- Material provided:

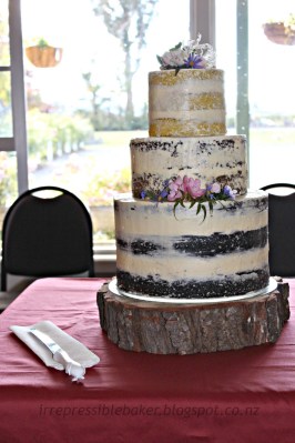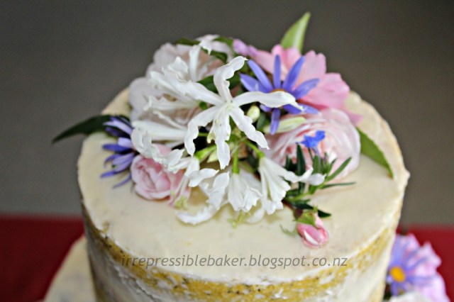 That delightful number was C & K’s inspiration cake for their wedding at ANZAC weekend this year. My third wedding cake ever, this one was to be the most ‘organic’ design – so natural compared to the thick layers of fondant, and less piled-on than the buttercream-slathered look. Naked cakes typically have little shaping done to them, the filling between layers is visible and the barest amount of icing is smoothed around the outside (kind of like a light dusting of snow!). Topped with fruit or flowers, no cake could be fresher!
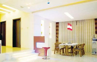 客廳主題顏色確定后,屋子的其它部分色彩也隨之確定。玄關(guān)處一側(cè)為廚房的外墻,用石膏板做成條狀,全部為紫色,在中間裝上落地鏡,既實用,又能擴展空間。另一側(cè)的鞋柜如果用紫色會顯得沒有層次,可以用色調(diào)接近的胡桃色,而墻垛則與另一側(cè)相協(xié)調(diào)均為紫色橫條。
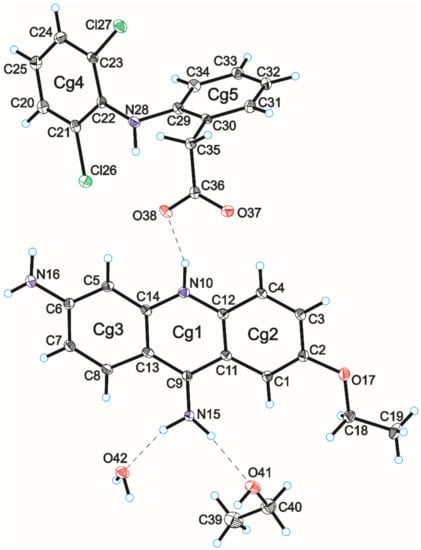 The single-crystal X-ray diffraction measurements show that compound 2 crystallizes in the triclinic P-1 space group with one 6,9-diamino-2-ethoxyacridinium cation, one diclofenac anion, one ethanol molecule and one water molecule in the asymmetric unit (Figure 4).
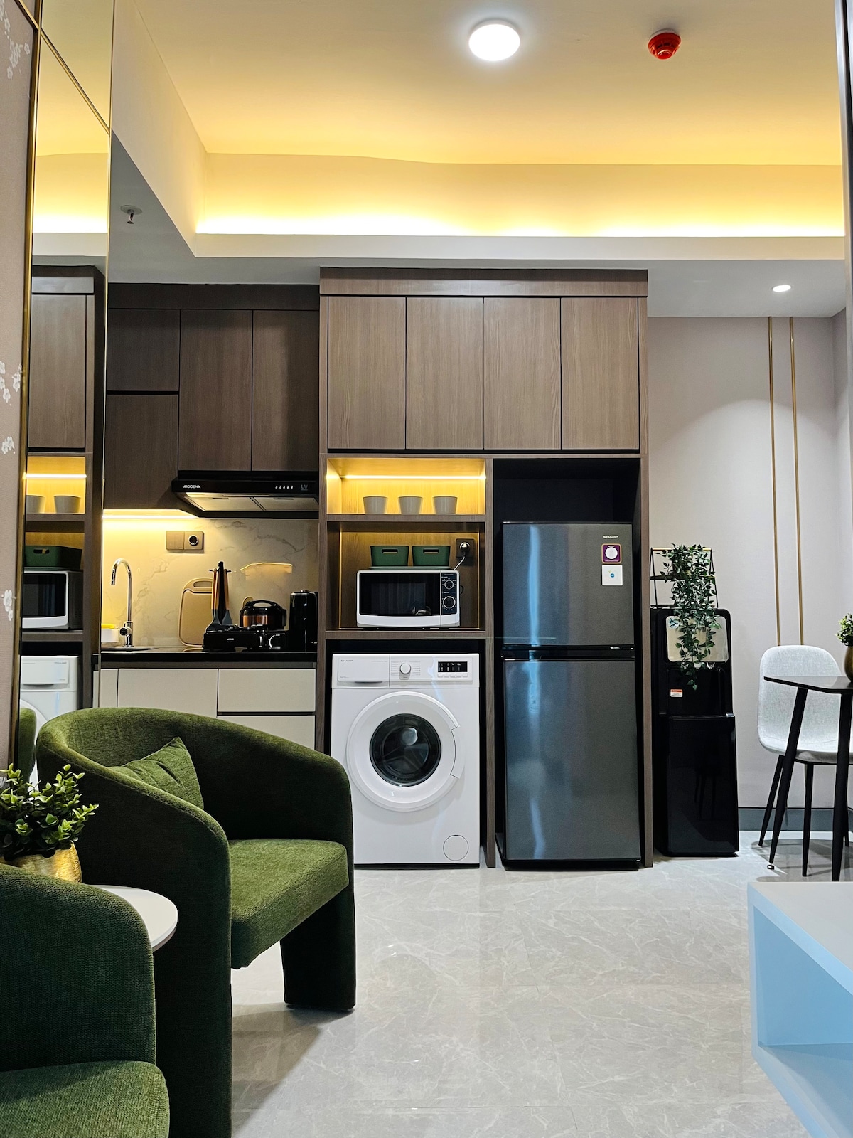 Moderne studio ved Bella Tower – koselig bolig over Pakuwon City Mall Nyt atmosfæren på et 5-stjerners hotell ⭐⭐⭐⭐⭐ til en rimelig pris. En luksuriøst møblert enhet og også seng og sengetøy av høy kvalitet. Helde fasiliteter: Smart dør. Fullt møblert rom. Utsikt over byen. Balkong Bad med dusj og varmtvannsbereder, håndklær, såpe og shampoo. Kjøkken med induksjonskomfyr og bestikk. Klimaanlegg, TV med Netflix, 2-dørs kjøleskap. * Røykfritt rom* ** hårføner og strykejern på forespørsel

- Exercise details:
"客廳主題顏色確定后,屋子的其" marks the first line to copy, and "The single-crystal X-ray" marks the last. Repeat that stretch above exactly, with no pictures.

- Answer to this problem:
 客廳主題顏色確定后,屋子的其它部分色彩也隨之確定。玄關(guān)處一側(cè)為廚房的外墻,用石膏板做成條狀,全部為紫色,在中間裝上落地鏡,既實用,又能擴展空間。另一側(cè)的鞋柜如果用紫色會顯得沒有層次,可以用色調(diào)接近的胡桃色,而墻垛則與另一側(cè)相協(xié)調(diào)均為紫色橫條。
 The single-crystal X-ray diffraction measurements show that compound 2 crystallizes in the triclinic P-1 space group with one 6,9-diamino-2-ethoxyacridinium cation, one diclofenac anion, one ethanol molecule and one water molecule in the asymmetric unit (Figure 4).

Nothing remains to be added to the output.